The register_filters! macro uses protocol-prefixed syntax:

register_filters! {
    http "max_body_guard" => MaxBodyGuard::from_config,
}

TCP filters would use tcp "name" => factory syntax.

YAML Config

Any keys placed alongside filter: in the filter chain entry are passed to from_config as a serde_yaml::Value:

filter_chains:
  - name: security
    filters:
      - filter: max_body_guard
        max_content_length: 1048576   # 1 MiB
        reject_status: 413
        conditions:
          - when:
              methods: ["POST", "PUT", "PATCH"]

Custom filters participate identically to built-ins: same ordering, context access, and short-circuit capability.

See filters.md for extensive documentation.

Best Practices

Header trust boundaries

Never blindly trust X-Forwarded-For or X-Forwarded-Proto. Attackers spoof these unless trusted upstream sources are explicitly defined.

Keep filters stateless when possible

Prefer reading all configuration at construction time (in from_config) and keeping the filter struct immutable. When shared mutable state is required (e.g. counters, connection tracking), use atomics or interior mutability with minimal lock scope. Filters are shared across requests and must be Send + Sync.

Return early with Reject, not panics

Use FilterAction::Reject(Rejection::status(code)) to abort request processing. Never panic inside a filter; a panic takes down the worker thread. Return Err(...) for unexpected failures and let the pipeline handle the 500 response.

Declare body access accurately

Only declare request_body_access() or response_body_access() if your filter actually inspects or modifies the body. Each declaration changes how the pipeline buffers data. BodyAccess::None (the default) avoids overhead. Use ReadOnly if you inspect but do not modify, and ReadWrite only if you mutate chunks in place.

Choose the right body mode

  • Stream: lowest latency; chunks flow through as they arrive. Best for filters that inspect headers only or process chunks independently.
  • Buffer: accumulates the entire body before delivering it. Use when your filter needs the complete body (e.g. signature verification). Set max_bytes to avoid unbounded memory growth.
  • StreamBuffer: chunks flow through filters incrementally but forwarding to upstream is deferred until Release or end-of-stream. Use when body content influences routing or when you need to inspect the full body before upstream selection.

on_response_body is synchronous

Pingora's response body callback is not async. Do not block the thread with block_on or heavy computation. If you need async I/O during response payload processing, spawn a background task and communicate via a channel.

Use conditions instead of internal checks

Rather than writing if req.method != "POST" { return Continue } inside your filter, declare conditions in YAML:

- filter: my_filter
  conditions:
    - when:
        methods: ["POST", "PUT"]

This keeps filter logic focused and lets operators adjust gating without code changes.
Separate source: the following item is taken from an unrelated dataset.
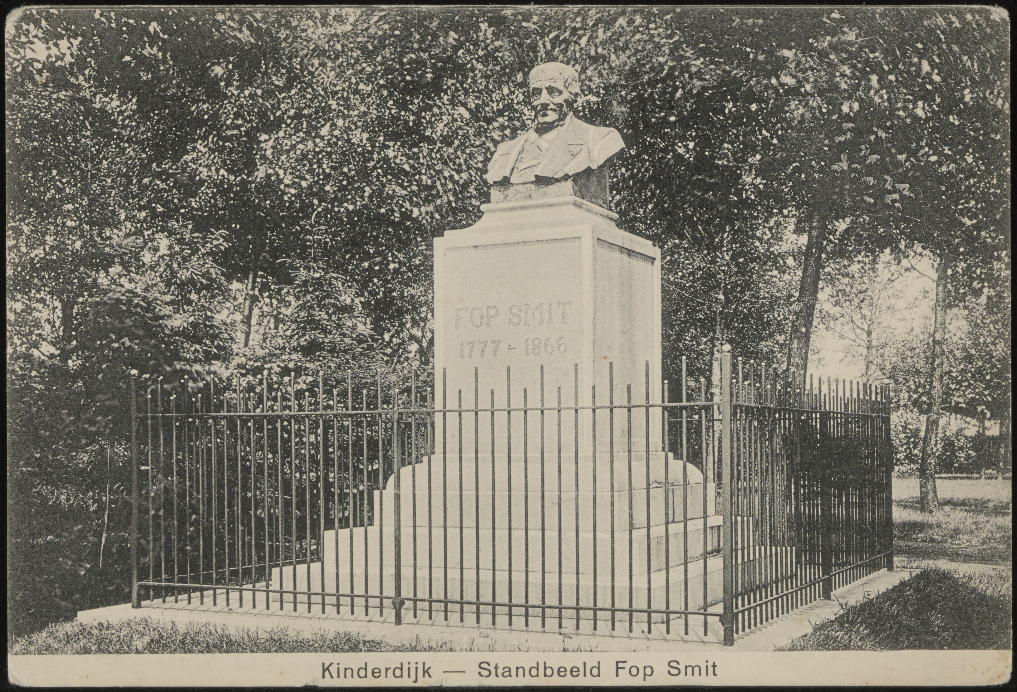 Borstbeeld van Fop Smit 1777-1866 op het plantsoentje op de Punt in Kinderdijk. Nu staat er alleen de sokkel nog, het beeld verhuisde naar Den Haag en staat nu bij Martijn Smit in de Willemstraat.

Use extra_request_headers for metadata

When your filter extracts values from the body or computes derived data, promote it to a request header via ctx.extra_request_headers. This makes the value visible to downstream filters (e.g. the router) without coupling filters to each other.

Handle missing ctx.cluster gracefully

If your filter depends on a cluster being set (like a load balancer), return a clear error when ctx.cluster is None rather than panicking:

let cluster = ctx.cluster.as_deref()
    .ok_or("my_filter: no cluster set")?;

Provide from_config validation

Validate all configuration values in from_config rather than deferring checks to request time. Fail fast at startup with a descriptive error. Parse and type-check every field; use #[serde(default)] for optional fields with sensible defaults.

Test with the integration harness

Use the integration test utilities (free_port, start_backend, start_proxy_with_registry) to write end-to-end tests for custom filters. Register your filter with FilterFactory::Http(Arc::new(factory)), build a minimal YAML config, and assert on status codes and response bodies. See tests/integration/ for examples.